Menimbang tingginya volatilitas di pasar dalam jangka pendek dan menengah, Kiwoom Sekuritas tetap mempertahankan target IHSG akhir tahun di rentang 7.800-8.000.
Sementara itu, Pengamat Pasar Modal Indonesia, Reydi Octa, menilai bahwa pelemahan IHSG saat ini masih tergolong wajar. Setelah saham-saham konglomerasi mengalami koreksi, investor akan mulai beralih fokus pada saham-saham yang memiliki fundamental yang solid.

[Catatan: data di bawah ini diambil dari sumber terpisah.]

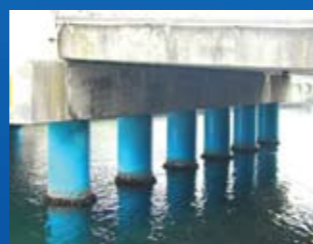
The condition after 11 years
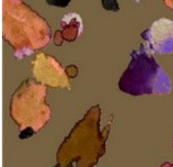
09978.007 LIGHT BROWN
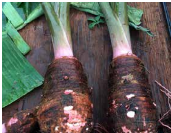
Hawaiian cultivar Piko ulaula is well adapted to upland growing conditions and can grow quite large.

There are diverse methods of growing upland taro, including traditional systems utilizing heavy compost in a living, slow-release organic system, modern high-input production systems, and hybrid systems utilizing the best of both growing systems. These options should be thoroughly investigated prior to planting, considering soil and plant health over the long term, labor requirements, and above all, cost and returns in a quadruple bottom line.
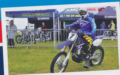
I learnt loads and loved every minute...
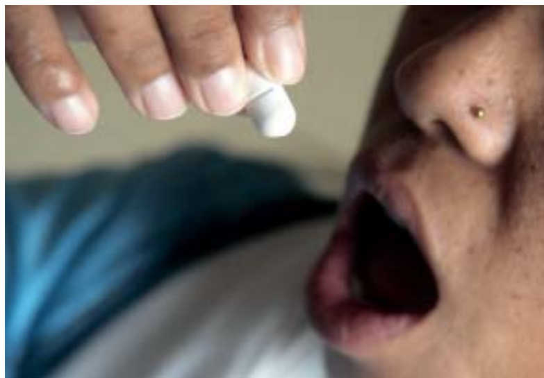
A young girl at the Maiti Nepal Rehabilitation and Orphanage home in Kathmandu, Nepal. There is now a range of drugs for treating HIV and fighting the virus. These are technically called antiretroviral drugs, because HIV is a type of virus known as a retrovirus, but they are more commonly called antivirals. – July 8, 2004.

Also referred to as crypto, this is an intestinal infection spread through contact with water, faeces or food that have been contaminated with a common parasite called Cryptosporidium . Symptoms include diarrhoea, nausea, vomiting, weight loss and stomach cramps. Infections can last much longer than the usual two weeks in people with HIV and can be life-threatening. There are no medications that treat or prevent crypto, but there are treatments to control the diarrhoea caused by the infection.
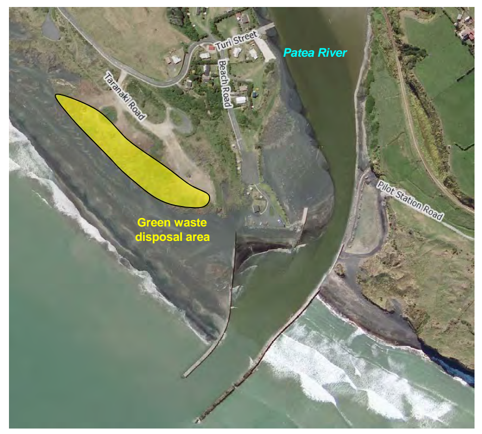
Figure 2 Aerial view of the Patea Beach green waste disposal area
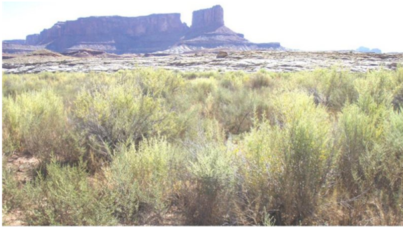
R035XY015UT—Sandy Bottom (Fourwing Saltbush) community 3.1—Fourwing Saltbush/Forb Understory.
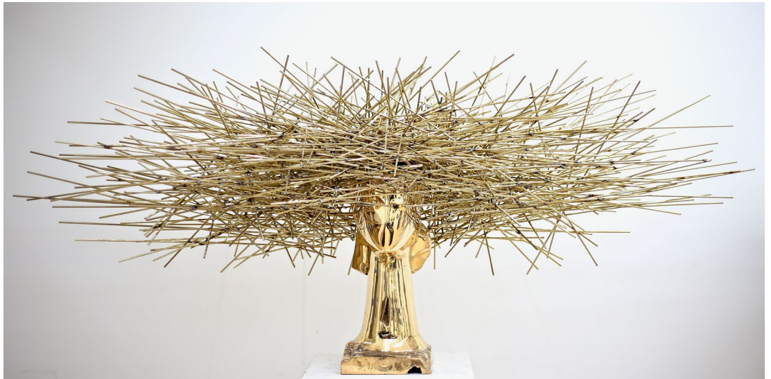
Manolo Valdés, Clio Dorada , 2018 Bronze with gold patina and steel wires, edition of 9, 114 x 255 x 90 cm

Within the exhibition, the work of Manolo Valdés alone constitutes a whole universe of forms with a set of six sculptures. As one of the founding members of Equipo Crónica, a group of artists who drew inspiration from Pop Art to question Franco's Spanish dictatorship and art history itself, the Spaniard also appropriates masterpieces. By decontextualising these images, he frees them from all temporality and formal identification, allowing the material to express itself: "I have to create something in which the materials are dominant, the subject is an excuse."
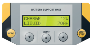
Intuitive interface available in 22 languages
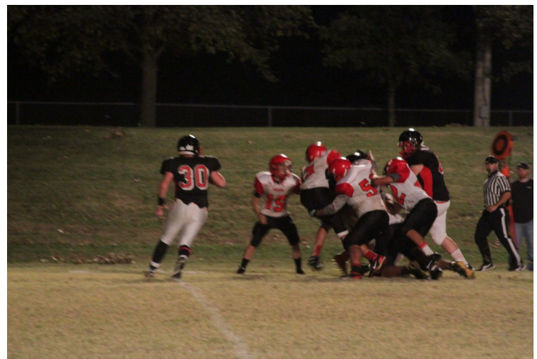
The Bison defense stops the Macomb Hornets
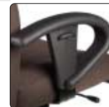
Standard "9S" boomerang shaped arms – height adjustable arm in soft touch, durable self-skinned urethane
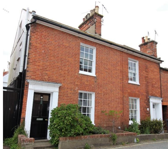
Nos.75 & 77 Victoria Street

Twitten Cottage No.71 & Cygnet Cottage, No.73 Victoria Street (Positive Unlisted Buildings). A pair of small early nineteenth century red brick cottages with black pan tiled roofs (replacing Welsh slate). Substantial ridge stack rising from spine wall between the cottages. Late twentieth century pilastered doorcases, over original simpler openings with wedge-shape rubbed brick lintels similar to those of the adjoining windows (See 1949 NMR photograph BB49/3097). Twelve-light hornless sashes beneath wooden lintels at first floor level. The cottages make a strong positive contribution to the setting of the Grade II listed Nos. 75 & 77. Miller, John Britain in Old Photographs, Southwold (Stroud, 1999) p98.
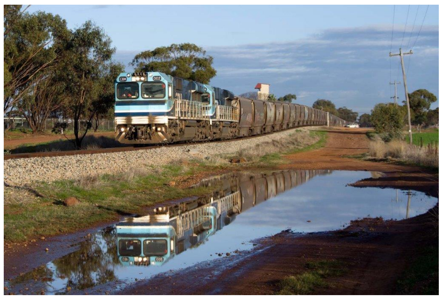
CBHs 002 & 004 reflect as they haul 5K23 through East Northam, 18^{\rm th} July.
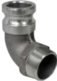
90° Adapter x M NPT
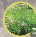
Nodding Onion Allium cernuum

The collection features many "water-wise" plants for home use. How many of those pictured can you find in the garden?
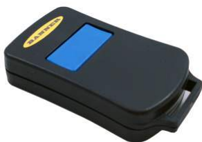
Model Number: BWA-MGFOB-001

The optical commissioning device is a LED flashlight used to change the radio's modes. A radio can be put into sleep mode, taken out of sleep mode, or put into binding mode.
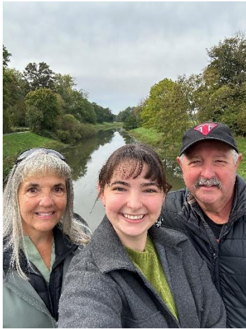
My parents and I on a walk by the river close to my house
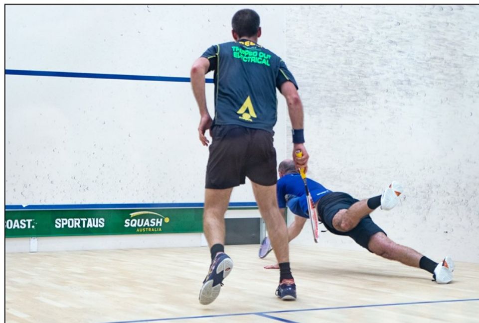
2019 Australian Masters Squash Championships
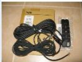
Yaesu YSK-7800 Separation Kit New in box. $30.00
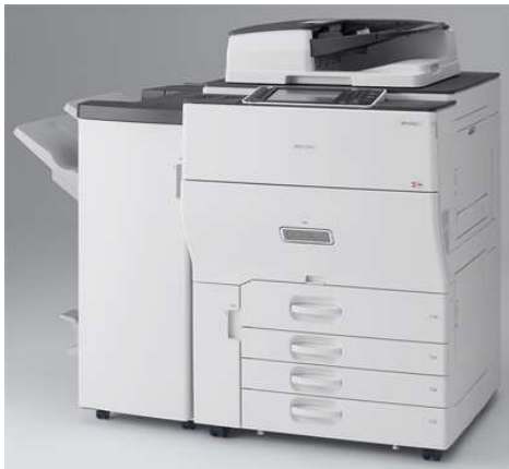
The photo shows the MP C6502SP with the SR4100 Finisher Unit (option) attached.

The warming load of the Use stage is based on the supposition that the product prints 2,534,400 images for five years.
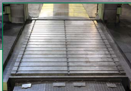
OKUMA MODEL MCR-B TABLE AREA
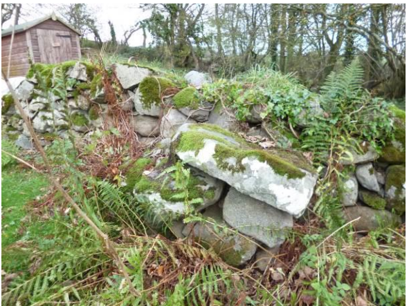
Fig.5: south wall to burial ground east of meeting house (left), and remains of mounting block against west wall (right)
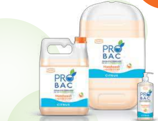
Available in 25 L, 5 L & 400 ml ready to use hand pump.
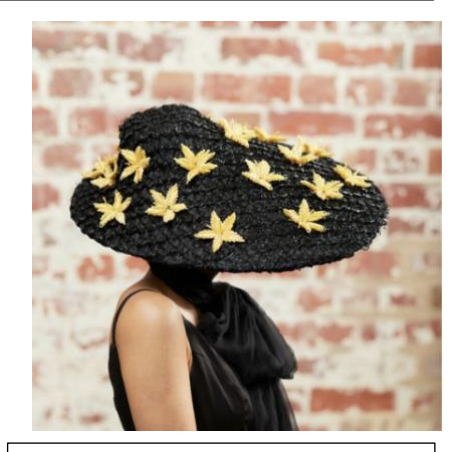
2022 MIMC Millinery Competition Top 10 finalist Theme: Little Black Dress
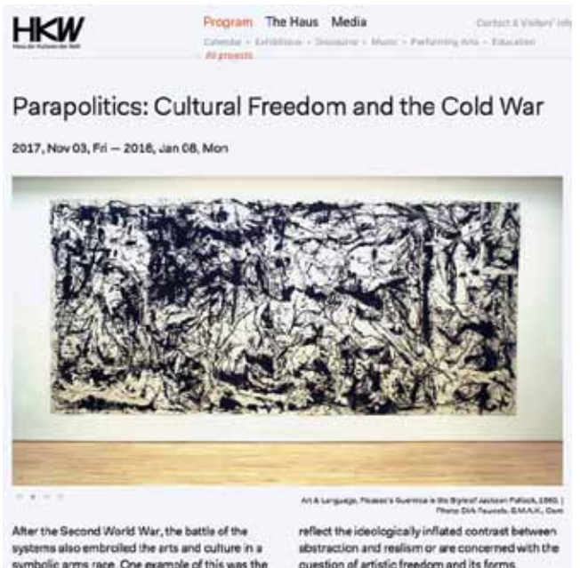
Berlin museum exhibit on the Congress for Cultural Freedom.

In music, the CCF started a vicious campaign against Furtwängler; and instead of Classical composers, it pushed atonal, twelve-tone music, such as that of Alban Berg, Schoenberg, and Webern, and eradicated the idea of polyphonic harmonic composition. The famous writer, Susan Sontag, said, “We knew we expected to accept ugly music as pleasant.” That is what

“Saham-saham bluechip yang selama ini menjadi penggerak utama IHSG berpotensi menjadi tujuan rotasi selanjutnya. Arus modal masuk asing (inflow) tetap akan menjadi target yang dinantikan oleh investor untuk menggerakkan saham-saham bluechip di IHSG,” kata Reydi kepada Bisnis pada Jumat (17/10/2025).
Disclaimer: berita ini tidak bertujuan mengajak membeli atau menjual saham. Keputusan investasi sepenuhnya ada di tangan pembaca. Bisnis.com tidak bertanggung jawab terhadap segala kerugian maupun keuntungan yang timbul dari keputusan investasi pembaca.